The very mention of the term miniature paintings makes us conjure visions of erstwhile royals in courtroom and hunting scenes, love scenes of Radha and Krishna from ‘Gita Govinda’ and ‘Rasamanjari’ and so on. Seldom do we picturise a miniature painting consisting of just a single bird or an animal, which are almost like a zoological study of these creatures executed for the sake of visually recording them in the absence of photographic equipment. Yet this is what many of the talented artists of the atelier of Akbar, Jehangir and to some extent of Shah Jahan also continued to execute as a specialty.

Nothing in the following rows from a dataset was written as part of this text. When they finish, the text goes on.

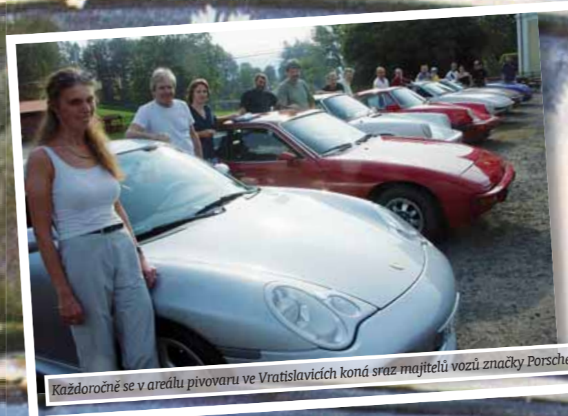
Každoročně se v areálu pivovaru ve Vratislavích koná sraz majitelů vozů značky Porsche.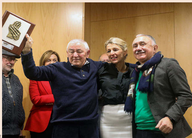
Yolanda Díaz, ayer, con su padre, Suso Díaz, a la izquierda, y el líder de UGT, Pepe Álvarez.

Con el gobierno socialista, y desde 2018, el SMI ha pasado de 736 euros al mes a 1.134 euros, lo que supone un incremento del 54%, esto es, 5.573 euros más al año, según informó ayer el Ministerio de Trabajo y Economía Social. En este último periodo, hasta 2023, esta renta que decide el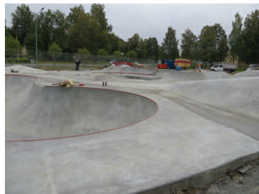
Den nya skate-parken i Gnosjö.

Motorsport är något som länge förknippats med Anderstorp i Gislaveds kommun. I dag heter anläggningen Anderstorp Raceway och fortfarande uppfyller banan höga krav från förarna med 8000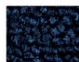
8811 L 21,17 RLV 3,29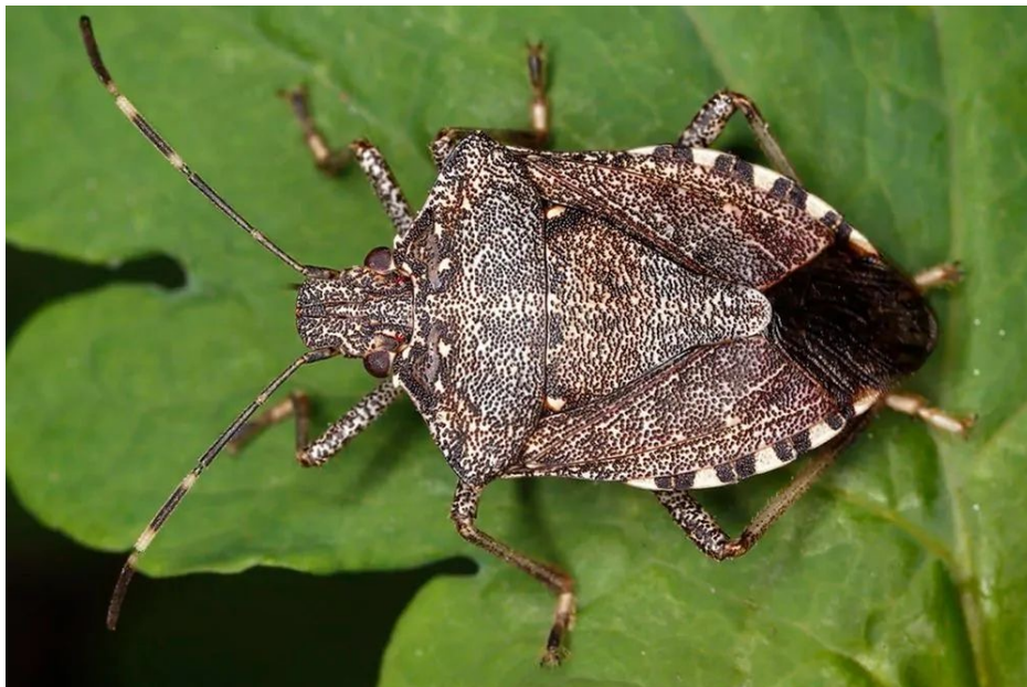
Punaise, dite « diabolique »

Miniature painting traditions existed in India from quite early times even before the advent of Mughal miniature paintings, in the form of illustrations for Buddhists and Jain manuscripts. These were earlier executed in palm leaf and later on in Paper. The Mughals who invaded India brought with them the rich tradition of manuscript painting of Persia which when combined with the Indian manuscript tradition provided the impetus for the Mughal miniature painting to flourish. Babur’s son Humayun was expelled from Hindustan and spent some years in Tabriz in Persia at the court of his cousin, where he came into contact with the work of a royal studio. Upon his return, he carried with him two master artists, Mir Sayyid Ali and Abdal Samad from Persia. Humayun died soon after and he was succeeded by Akbar in 1556. Akbar who had a great liking for art and painting wished to have the story of the legendary hero ‘Hamza’ painted and illustrated. This resulted in the creation of an Atelier of 30 artists by Akbar. The two Persian masters gave training to the artists . The folio of ‘Hamzanama’ created at this Atelier was published in AD 1567. Once the purpose was fulfilled, the atelier was disbanded. While Akbar, with an eye for the best, retained some of the finest of them, the rest dispersed to various Rajput and Mughal Kingdoms in the Deccan and founded what is now known as ‘Popular Mughal School’.

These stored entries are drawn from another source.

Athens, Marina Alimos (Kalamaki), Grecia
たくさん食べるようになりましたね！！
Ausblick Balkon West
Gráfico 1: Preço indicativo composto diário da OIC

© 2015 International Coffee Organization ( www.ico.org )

Akbar later shifted his capital to Lahore in 1580 and inducted many changes in his atelier also. Now assignments were being given to individual artists rather than to a team. Known as the Mature Mughal School, this was the period when techniques learned from Western paintings and prints in the form of chiaroscuro, space, volume and perspectives were introduced in miniature paintings too.

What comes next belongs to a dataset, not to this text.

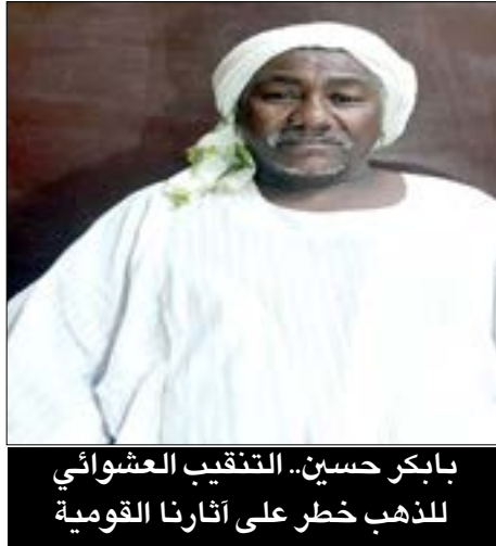
بابكر حسين.. التنقيب العشوائي للذهب خطر على آثارنا القومية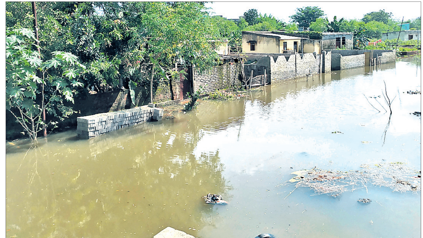
କଟକ ରିଂବନ୍ଧରେ ଝର ପୁଷ୍ପିହୋଇ ମହାନଦୀ ବନ୍ୟାଜଳ ବ୍ରଜବିହାରୀପୁର ଅଞ୍ଚଳରେ ପ୍ରବେଶ କରିବା ଯୋଗୁ ଘରଗୁଡ଼ିକ ପାଣିଘେରରେ ରହିଛି।

Jahangir,the fourth Mughal emperor, who was a great connoisseur of the arts succeeded Akbar. His memoir ‘Jahangirnama’ is full of descriptions of his hunting expeditions and the patronage he gave to artists and musicians. He was fond of hunting and traveling and the artists of his atelier like Mansur and Manohar traveled with him during his expeditions. He wished that whatever the words describe should also be visualized by the reader in the form of paintings. Whenever he spotted a rare bird or an animal, he immediately had it got painted. He also believed in a detailed study of the birds and animals with maximum characteristics drawn almost like a biological study rather than for adornment. In this manner, a vast collection of study of animals, birds and and even flowers were collected. One of his invaluable contribution is the study of a live Dodo, attributed to Mansur,which became extinct by the end of the 17th century.
The most famous artist of his atelier who specialized in nature studies were Mansur, Manohar, Govardhan, and Abu’l-Hasan. One of the paintings titled ‘Nilgai’, by Mansur, is a good study of the antelope, bringing out the beauty and graze of the animal alongwith the natural colour of the animal. The softness of the fur ,and the sharpness of the eyes can also be felt. The great hornbill painted by Mansur is another example. Mansur has also done a lot of study of flowers.
Abu’l –Hasan has done a remarkable study of the bird ‘spotted fork tail’ wherein the feathers and plume of the bird are executed intricately. In all these paintings of nature studies, the artist did not pay any heed to the atmosphere or surrounding in which the species lived or could be found. They limited themselves to painting a detailed study of the animal or the bird and provided a general background and elaborate calligraphic border. Thus, at some instances, a bird which lives by the side of a river maybe portrayed with opposite backgrounds.
In the memoirs of Babur and Jahangir, one comes across many such illustrations of birds and animals along with detailed descriptions. All together they provide an interesting account of the flora and fauna of our country during those days!